国立科学博物館 筑波実験植物園(こくりつかがくはくぶつかん つくばじっけんしょくぶつえん)は、日本茨城県つくば市天久保四丁目1番地1にある植物の研究機関である。通称、つくば植物園[1]。敷地面積14ヘクタール。


概要[編集]

筑波研究学園都市内、筑波大学に近接した地に設置されている実験植物園である。日本国立科学博物館の1研究部門として、日本の先駆的な植物の研究を行う研究機関の1つであり、一般向けの教育を提供する機関でもある。1976年(昭和51年)5月に設置、1983年(昭和58年)10月開園。
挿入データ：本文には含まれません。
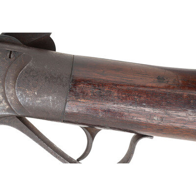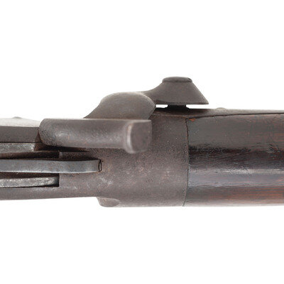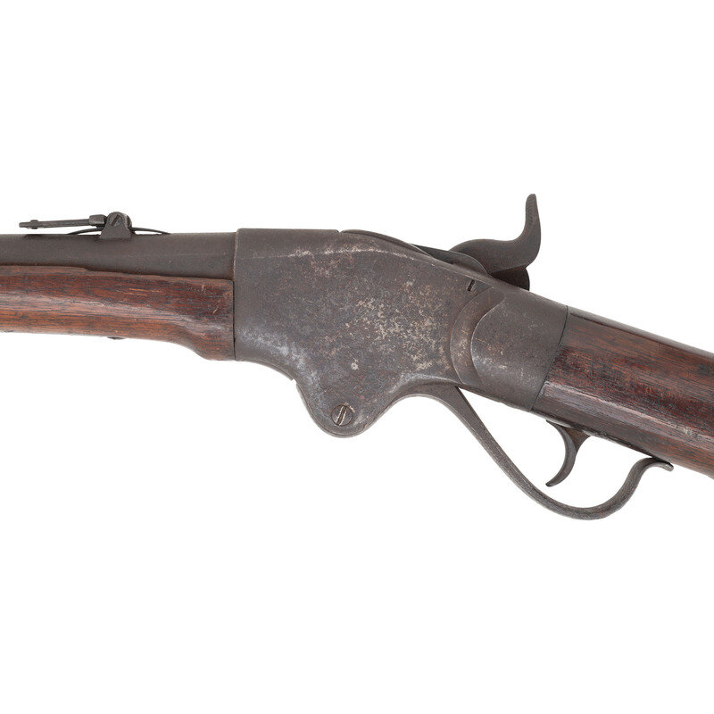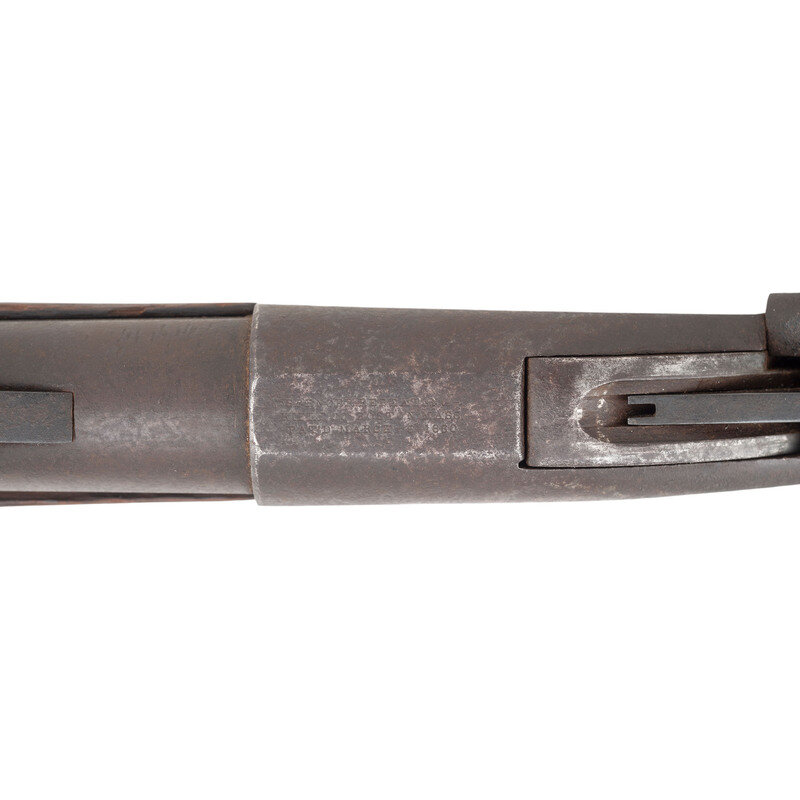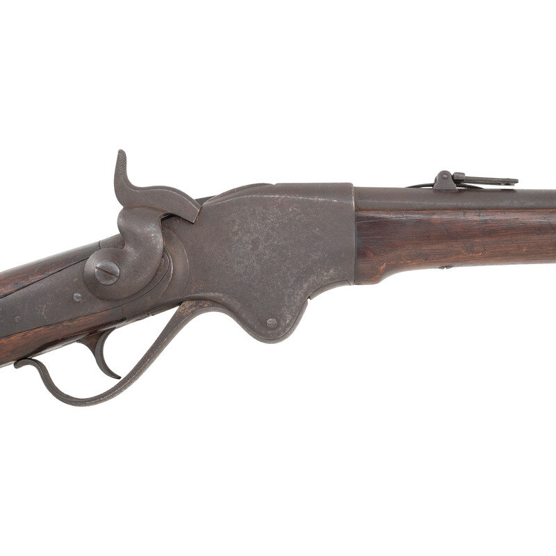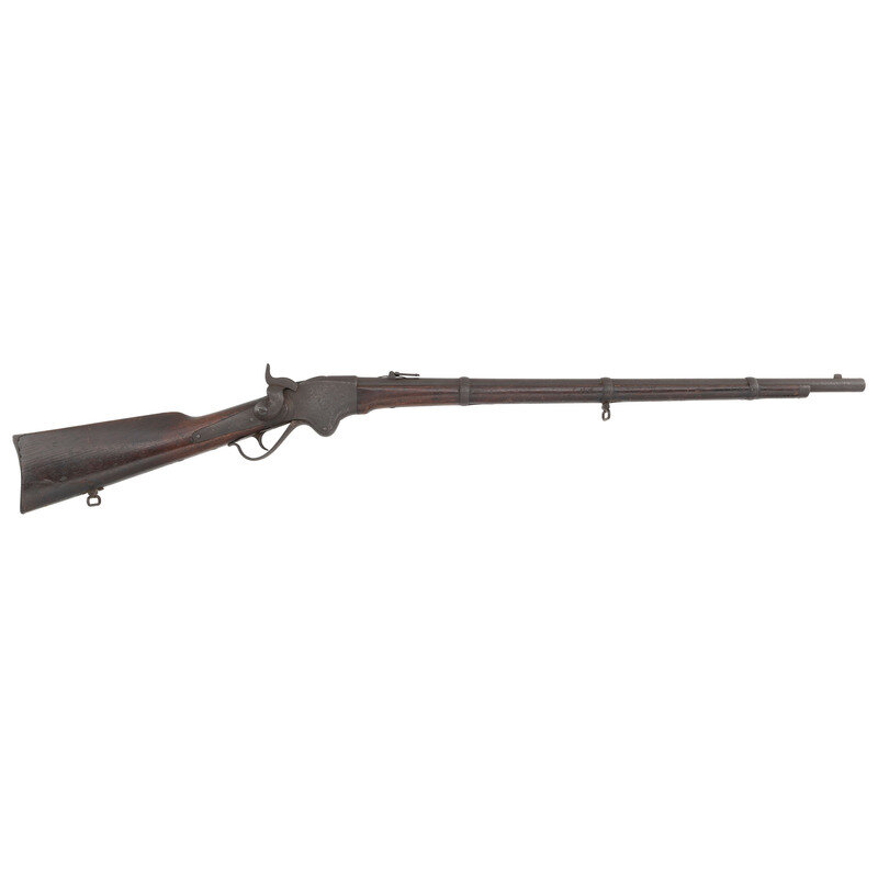 .56-52 (56-56) Spencer caliber. 30" barrel. SN: 2037. Blued and color casehardened finish, walnut stock and forend secured by three solid, spring-retained barrel bands. Lever action, manually cocked repeating rifle with seven round tubular magazine in butt, military folding ladder rear sight, Barleycorn combination front sight and socket bayonet lug and sling swivels on the middle band and in toe of stock. Top of receiver marked in three lines: SPENCER REPEATING / RIFLE CO BOSTON MASS / PAT'D MARCH 6 1860. Reverse wrist with traces of a a script cartouche. Retains the correct pattern magazine follower tube in the butt. The only Spencer firearms at Gettsyburg were the early deliveries of rifles to the state of Michigan for the 5th and eventually 6th Michigan Cavalry. A detailed analysis of surviving correspondence and records by noted author and researcher Wiley Sword, suggests that many of the Spencer Rifles in 1000-1550 serial number range and 1551 to 2050 range were delivered for use by the 5th Michigan Cavalry and those guns not needed by that regiment, which was initially some 1,200 strong but was down to about 900 men by the time of the rifles being issued, were passed on to the 6th Michigan Cavalry. A copy of Wiley Sword's detailed article accompanies the rifle. A search of the Springfield Research Service Serial Number books did not find this rifle, but did find several close to it. The closest guns were #2044 which was issued to the 6th Independent Company of Ohio Sharpshooters and #2049 which was issued to Company B of the 8th Independent Volunteer Cavalry. Other close guns were #1973 which went to Company E of the 148th Pennsylvania Volunteer Infantry, #1978 which was issued to Company H of the 11th Kentucky Volunteer Cavalry and #2058 which was issued to the 5th Independent Company of Ohio Sharpshooters. As such, it is difficult to know to what regiment this rifle may have been issued, but it is abundantly clear that it was in service with a US regiment by the summer of 1863 and likely saw hard service for the balance of the war. A solid, essentially untouched example of an early production Civil War Spencer Rifle that has survived without any of the post-war, Indian War era upgrades and modifications.
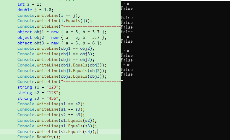(1) Equals比较两个对象时必须保证两个对象的类型一致比较其值相同返回True不相同返回false
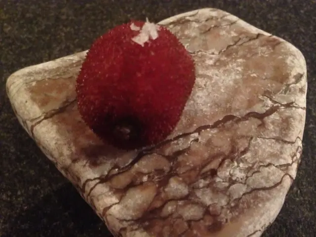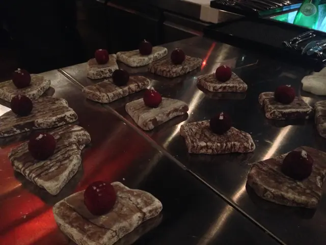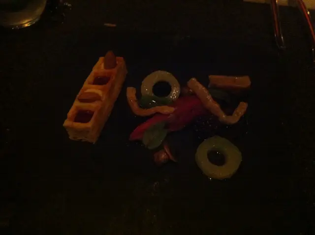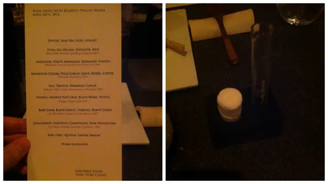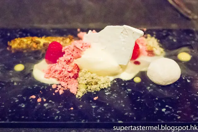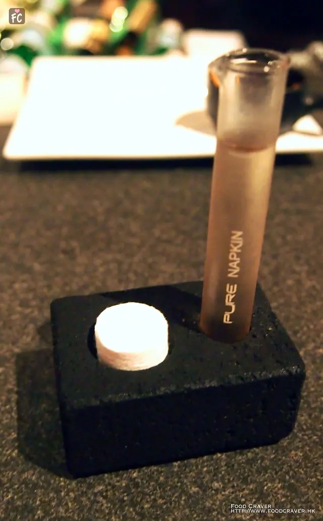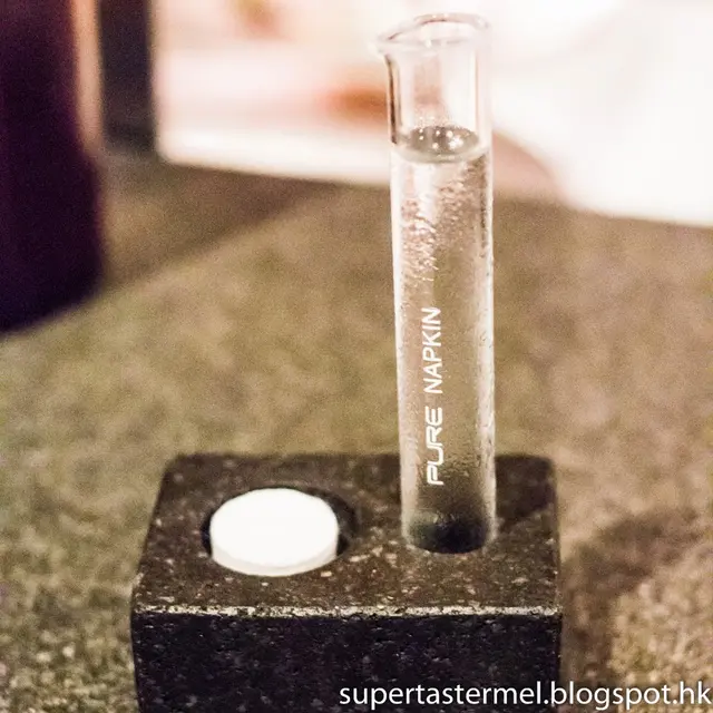 ,感覺就好似係一份Grilled Ham and Cheese Sandwich經分子料理濃縮咗o既轉體版咁。吃過小食,服務生即為客人呈上一枝試管水液及白色餅體。原來試管內透明o既液體為玫瑰水,食客只需把玫瑰露倒哂入餅體,白色o既乾紙巾餅就會變成玫瑰味濕巾
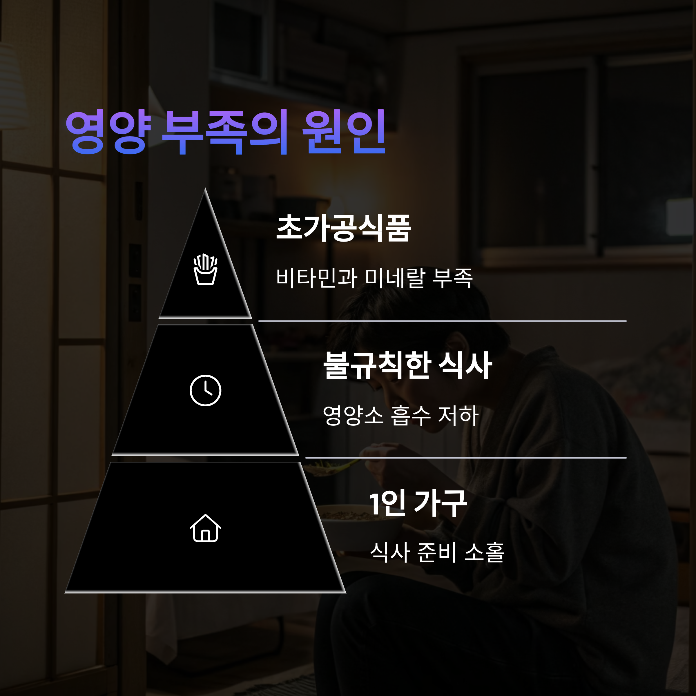 특히 혼자 사는 1인 가구, 다이어트 중인 여성, 노년층은 영양 결핍에 취약합니다.

近年は約5,000種の日本国内外の植物を温帯地域から熱帯地域に至るまで世界中から集めており、特に中日本の維管束植物、東アジアのシダ、ソテツ、サトイモ類、南アメリカのラン科植物を重点的に収集している。

屋外の植生区画は以下の9つがある。

1. 常緑広葉樹林区画

2. 温帯性針葉樹林区画

3. 暖温帯落葉広葉樹林区画

4. 冷温帯落葉広葉樹林区画

5. 低木林(低地性・高地性)区画

6. 砂礫地植物(山地性・海岸性)区画

7. 山地草原(低地性・高地性)区画

8. 岩礫地植物(山地性・海岸性)区画

9. 水生植物区画

また、3つの温室を有する。

1. サバンナ温室

半乾燥のサバンナ地域であるアメリカ大陸、アフリカ大陸、オーストラリアの熱帯及び亜熱帯性植物。

2. 熱帯雨林温室(約24メートル)

2つの部屋からなり、アジア・太平洋地域の低地林と山地林がある。山地林の部屋では東南アジアのブナ科、ツツジ科、ラン科のような多様な植物を保護する。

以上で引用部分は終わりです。